Section 438.724 Notice to CMS

Section 438.724 requires that the State give the CMS Regional Office written notice whenever it imposes or lifts a sanction. The notice must specify the affected MCO, the kind of sanction, and the reason for the State's decision to impose or lift a sanction.

We anticipate that no more than 15 States impose or lift a sanction in any year and that it takes each one 30 minutes to give the regional office notice. Thus the annual burden would be 7.5 hours.


Section 438.730 Sanction by CMS: Special rules for MCOs with risk contracts


Section 438.730(b), Notice of Sanction, requires that if CMS accepts a State agency’s recommendation for a sanction, the State agency gives the MCO written notice of the proposed sanction.

Paragraph (c) of this section, Informal reconsideration, requires that if the MCO submits a timely response to the notice of sanction, the State agency gives the MCO a concise written decision setting forth the factual and legal basis for the decision. In addition, if CMS reverses the State's decision, the State sends a copy to the MCO.


These requirements are exempt under 5 CFR 1320.4(a) because they occur as part of administrative actions.


Section 438.810 Expenditures for Enrollment Broker Services:


Section 438.810(c) requires that a State contracting with an enrollment broker must submit the contract or memorandum of agreement (MOA) for services performed by the broker to CMS for review and approval.

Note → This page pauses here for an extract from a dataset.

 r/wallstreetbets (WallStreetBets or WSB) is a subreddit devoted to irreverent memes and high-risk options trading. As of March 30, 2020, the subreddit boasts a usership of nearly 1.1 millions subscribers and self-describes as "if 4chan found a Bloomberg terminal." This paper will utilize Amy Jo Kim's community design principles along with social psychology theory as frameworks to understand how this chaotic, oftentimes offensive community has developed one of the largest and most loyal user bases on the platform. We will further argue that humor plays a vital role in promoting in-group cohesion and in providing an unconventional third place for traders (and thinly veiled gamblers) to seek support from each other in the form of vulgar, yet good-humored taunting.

The burden associated with this requirement is the length of time for a State to mail each contract to CMS for review. We estimated that the burden associated with this requirement is 5 minutes per enrollment broker contract, for a total annual burden of approximately 3 hours per year (5 minutes multiplied by an estimated 35 enrollment broker contracts in the States using brokers).


The total burden is 3,930,093.5 hours.

13. Capital Costs (Maintenance of Capital Costs):


There are no capital costs.


14. Cost to Federal Government:


Most of the time associated with the review of information collected under this rule is imposed on States. New cost to the Federal government will be generated with respect to §438.810


Section 438.810 requires regional offices to review enrollment broker contracts. The cost to the Federal government associated with this information collection is the time associated with reviewing the contract.

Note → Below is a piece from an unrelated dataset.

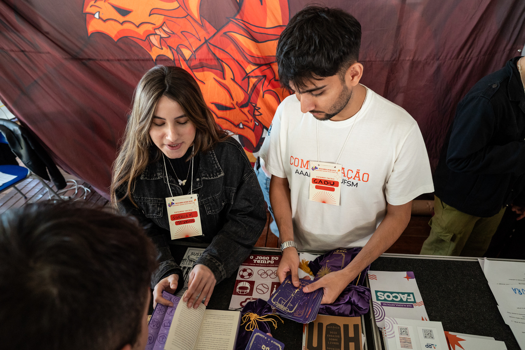 Nos estandes, muita gente interessada em novas possibilidades. Quem ficou com a missão de mostrar o curso é Isabela Matos, 21 anos, que veio de São Paulo para estudar Produção Editorial na UFSM e, em seu último ano de faculdade, reservou o dia para mostrar um pouco do conhecimento que adquiriu ao longo da graduação.

We estimate that it takes the regional office approximately three hours to review each contract. When computed at a GS-12 step 1 salary of $26.98 per hour, the Federal cost is approximately $80.94 per review. Multiplied by the estimated 35 enrollment brokers, the total annual cost to the Federal government associated with §438.810 is approximately $2,833.

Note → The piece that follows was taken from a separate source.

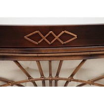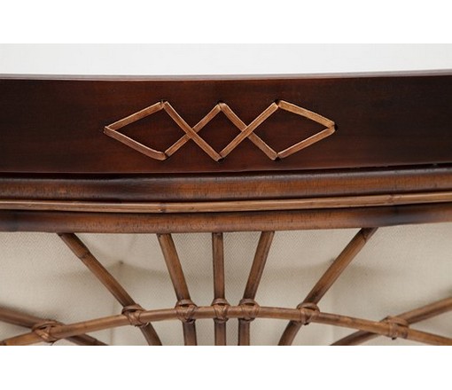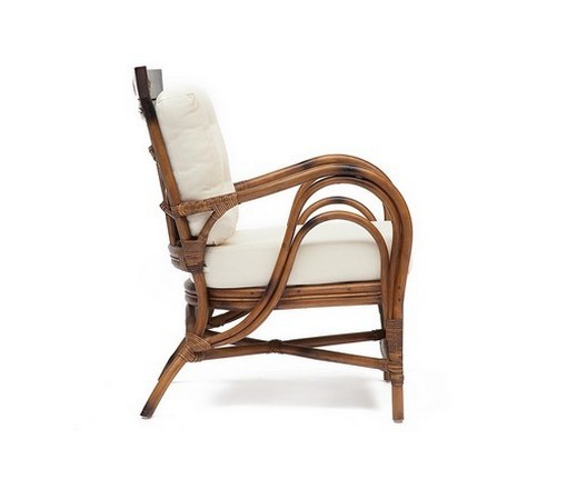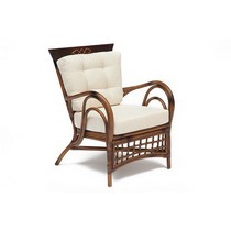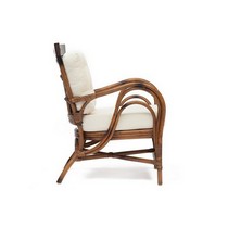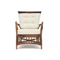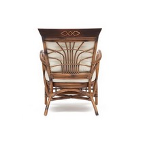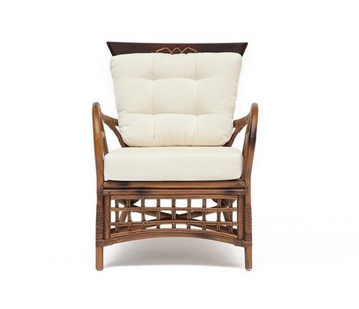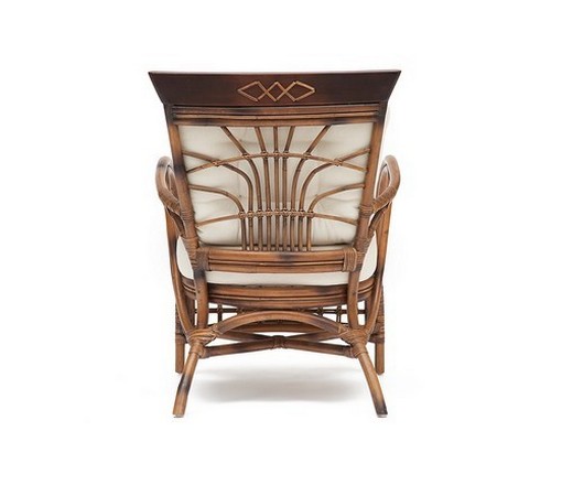 Кресло из натурального ротанга с подлокотниками и деревянной вставкой античной отделки.

15. Program or Burden Changes:


There are no program or burden changes.

16. Publication and Tabulation Dates:


The information submitted to CMS will not be published. Rather, that information is reviewed as part of the agency’s normal oversight activity of State Medicaid managed care programs. The majority of the information collection is undertaken by States. Accordingly, States are responsible for ensuring that information collected is not manipulated and erroneously published. Much of the information (i.e., the information requirements under § 438.10) is mailed directly to beneficiaries by the States, MCOs, PIHPs, PAHPs or PCCMs. The rest of the information is used by States as part of their normal contracting with MCOs PIHPs, PAHPs, and PCCMs and is not be published.


17. Expiration Date:


These ICRs do not lend themselves to expiration date, as there are no forms.


18. Certification Statement:


There are no exceptions to the certification statement.


C. Collection of Information Employing Statistical Methods:


These ICRs do not employ statistical methods.